If you use EWCE1 in published research, please cite N. Skene et al (2016).
N.G. SKENE, S.G.N. GRANT
"Expression weighted cell type enrichments reveal genetic and cellular nature of major brain disorders."
Frontiers in Neuroscience 2016
URL: http://journal.frontiersin.org/article/10.3389/fnins.2016.00016/abstract
The EWCE package is designed to facilitate expression weighted celltype enrichment analysis as described in our Frontiers in Neuroscience paper1.

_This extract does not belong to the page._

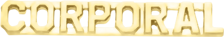 C502_CORPORAL_G - C502_CORPORAL $23.50 Die-Struck Collar Letters read "CORPORAL" Size: 1.5"W x 0.25"H Comes with 2 pins on the back. Sold by the piece (not pair) Finish GoldNickel Attachment Double Clutch

The package was originally designed to work with the single cell cortical transcriptome data from the Linnarsson lab2 which is available at http://linnarssonlab.org/cortex/. Using this package it is possible to read in any single cell transcriptome data, provided that it is formatted in the same manner as this dataset.
The EWCE process involves testing for whether the genes in a target list have higher levels of expression in a given cell type than can reasonably be expected by chance. The probability distribution for this is estimated by randomly generating gene lists of equal length from a set of background genes.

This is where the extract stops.